== INPUT RECORDS

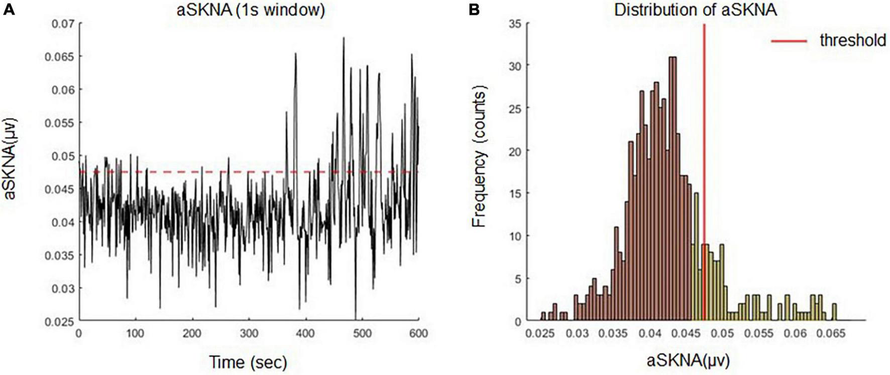 Recent studies have shown that signals with frequencies beyond 150 Hz on electrocardiography (ECG), usually considered as noise, can convey information about skin sympathetic nerve activity (SKNA) (1, 6). Although the method has been validated by invasive nerve recording showing that SKNA is consistent with stellate ganglion and thoracic sympathetic nerve activities (6, 7), the associations between the changes in the amplitude or frequency of SKNA firing and autonomic nervous system (ANS) control are still controversial. For example, the clustered firing of integrated SKNA (iSKNA; the sum of the activity over 100 ms) and elevated average SKNA (aSKNA; an average of iSKNA over 10 s) were found to be associated with both the initiation and termination of cardiac arrhythmias, such as AF and ventricular tachycardia (1, 8). Therefore, several short-term SKNA bursting analyses have been proposed to better represent the underlying sympathetic activity during different disease states, such as arrhythmogenicity in patients with coronary heart disease and changes in autonomic function in patients with acute myocardial infarction and critical illness (9–11).
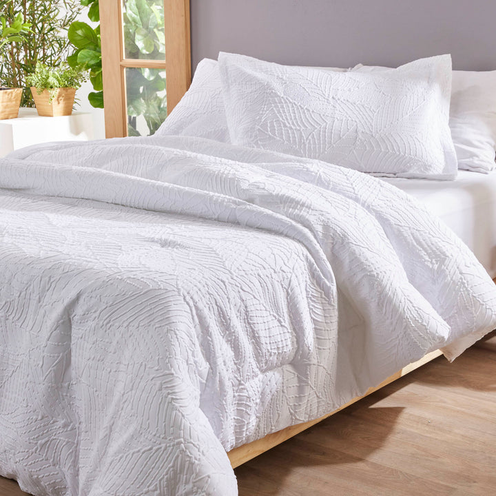 Edredón Comforter Microfibra color blanco. Este edredón cuenta con un relleno de fibra siliconada que proporciona suavidad y calidez. Creado para renovar tu habitación con su estilo único.
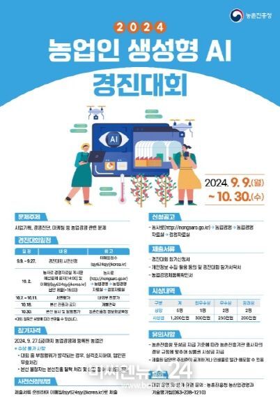 (비씨엔뉴스24) 농촌진흥청은 오는 10월 30일 개최되는 ‘2024 농업인 생성형 인공지능(AI) 경진대회’ 본선을 앞두고 9월 9일부터 27일까지 예선 참가 신청을 받는다.
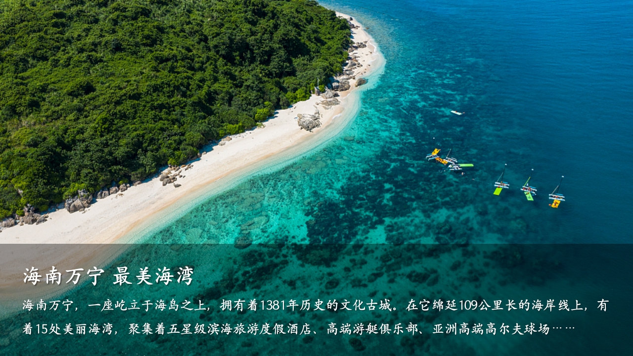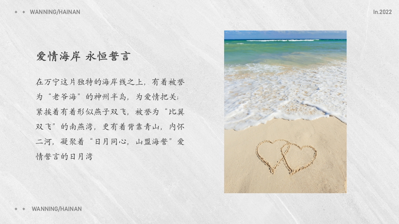 爱情海岸·一眼万绿海南万宁爱情海岸营销创意案汇报单位:海南省融媒体中心有些人,只是在人群中多看了一眼便再也无法忘记容颜有些人,只因为这一眼停留便是相知相守一辈子关于爱情,我们怀揣着多少年少勇敢多少回岁月廊桥的走走绊绊或许只是那一眼的悸动让我们说出口的山盟海誓懂得用一辈子来证明分年台海南万宁最美海湾海南万宁,一座屹立于海岛之上,拥有着1381年历史的文化古城。在它绵延109公里长的海岸线上,有着15处美丽海湾,聚集着五星级滨海旅游度假酒店、高端游艇俱乐部、亚洲高端高尔夫球场…ln.2022+WANNING/HAINAN0.0激情海岸冲浪胜地近年来,WSL、ISA两大世界冲浪权威组织的精品赛事齐聚万宁,让世界众多顶尖冲浪选手、无数岛内外游客领略到万宁激情海岸的动感与魅力,让万宁逐步走向国际化,成就另一番海上繁华天地+WANNING/HAINANln.2022爱情海岸永恒誓言在万宁这片独特的海岸线之上,有着被誉为“老爷海”的神州半岛,为爱情把关;紧挨着有着形似燕子双飞,被誉为“比翼双飞”的南燕湾,更有着背靠青山,内怀二河,凝聚着“日月同心,山盟海誓”爱情誓言的日月湾+WANNING/HAINANmme亚洲最大的天然游艇码头停留着爱情号的游艇,石梅湾静静诉说着所有的爱情元素,成为《非诚勿扰2》拍摄组开拍基地,成就海外、省内、本地三处情侣的爱情集结地这绵绵109公里海岸线,阳光明媚、沙滩洁白、原生态美景与纯真爱情完美交织,怎么都话不完…
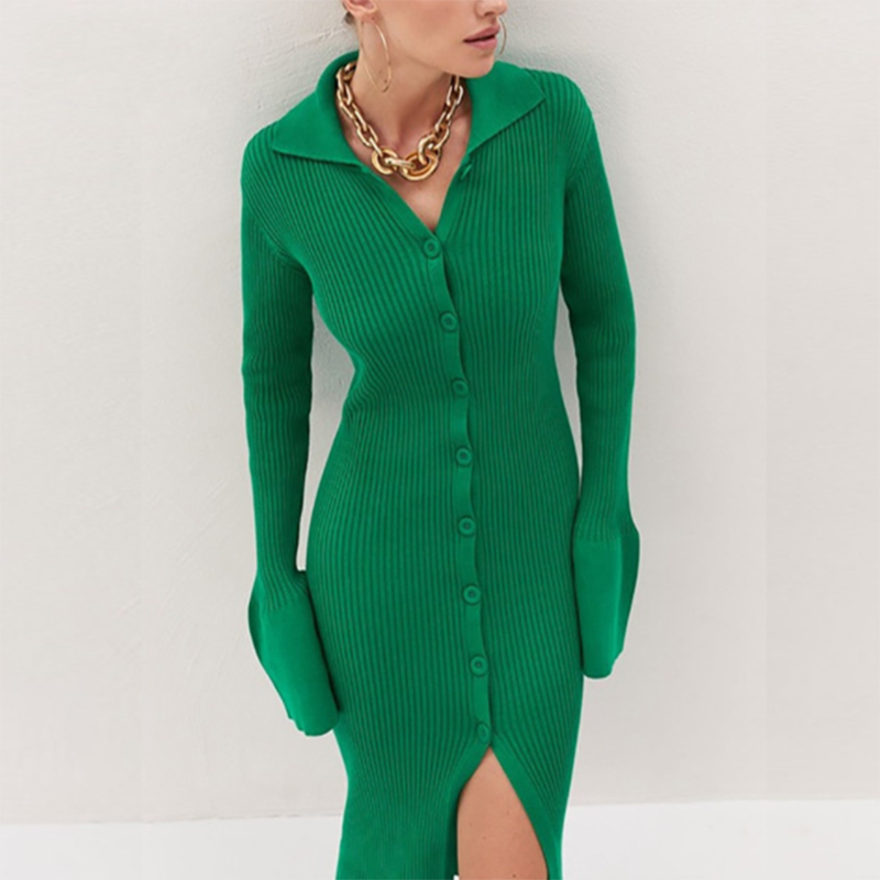 Y2k Bodycon Dress Sweater Sexy Knitted Green 2021 Women Midi Split V Neck Long Sleeve Casual Club Autumn Winter Party Dresses

====

Leave the pictures aside and give every entry above again word for word.

 Recent studies have shown that signals with frequencies beyond 150 Hz on electrocardiography (ECG), usually considered as noise, can convey information about skin sympathetic nerve activity (SKNA) (1, 6). Although the method has been validated by invasive nerve recording showing that SKNA is consistent with stellate ganglion and thoracic sympathetic nerve activities (6, 7), the associations between the changes in the amplitude or frequency of SKNA firing and autonomic nervous system (ANS) control are still controversial. For example, the clustered firing of integrated SKNA (iSKNA; the sum of the activity over 100 ms) and elevated average SKNA (aSKNA; an average of iSKNA over 10 s) were found to be associated with both the initiation and termination of cardiac arrhythmias, such as AF and ventricular tachycardia (1, 8). Therefore, several short-term SKNA bursting analyses have been proposed to better represent the underlying sympathetic activity during different disease states, such as arrhythmogenicity in patients with coronary heart disease and changes in autonomic function in patients with acute myocardial infarction and critical illness (9–11).
 Edredón Comforter Microfibra color blanco. Este edredón cuenta con un relleno de fibra siliconada que proporciona suavidad y calidez. Creado para renovar tu habitación con su estilo único.
 (비씨엔뉴스24) 농촌진흥청은 오는 10월 30일 개최되는 ‘2024 농업인 생성형 인공지능(AI) 경진대회’ 본선을 앞두고 9월 9일부터 27일까지 예선 참가 신청을 받는다.
 爱情海岸·一眼万绿海南万宁爱情海岸营销创意案汇报单位:海南省融媒体中心有些人,只是在人群中多看了一眼便再也无法忘记容颜有些人,只因为这一眼停留便是相知相守一辈子关于爱情,我们怀揣着多少年少勇敢多少回岁月廊桥的走走绊绊或许只是那一眼的悸动让我们说出口的山盟海誓懂得用一辈子来证明分年台海南万宁最美海湾海南万宁,一座屹立于海岛之上,拥有着1381年历史的文化古城。在它绵延109公里长的海岸线上,有着15处美丽海湾,聚集着五星级滨海旅游度假酒店、高端游艇俱乐部、亚洲高端高尔夫球场…ln.2022+WANNING/HAINAN0.0激情海岸冲浪胜地近年来,WSL、ISA两大世界冲浪权威组织的精品赛事齐聚万宁,让世界众多顶尖冲浪选手、无数岛内外游客领略到万宁激情海岸的动感与魅力,让万宁逐步走向国际化,成就另一番海上繁华天地+WANNING/HAINANln.2022爱情海岸永恒誓言在万宁这片独特的海岸线之上,有着被誉为“老爷海”的神州半岛,为爱情把关;紧挨着有着形似燕子双飞,被誉为“比翼双飞”的南燕湾,更有着背靠青山,内怀二河,凝聚着“日月同心,山盟海誓”爱情誓言的日月湾+WANNING/HAINANmme亚洲最大的天然游艇码头停留着爱情号的游艇,石梅湾静静诉说着所有的爱情元素,成为《非诚勿扰2》拍摄组开拍基地,成就海外、省内、本地三处情侣的爱情集结地这绵绵109公里海岸线,阳光明媚、沙滩洁白、原生态美景与纯真爱情完美交织,怎么都话不完…
 Y2k Bodycon Dress Sweater Sexy Knitted Green 2021 Women Midi Split V Neck Long Sleeve Casual Club Autumn Winter Party Dresses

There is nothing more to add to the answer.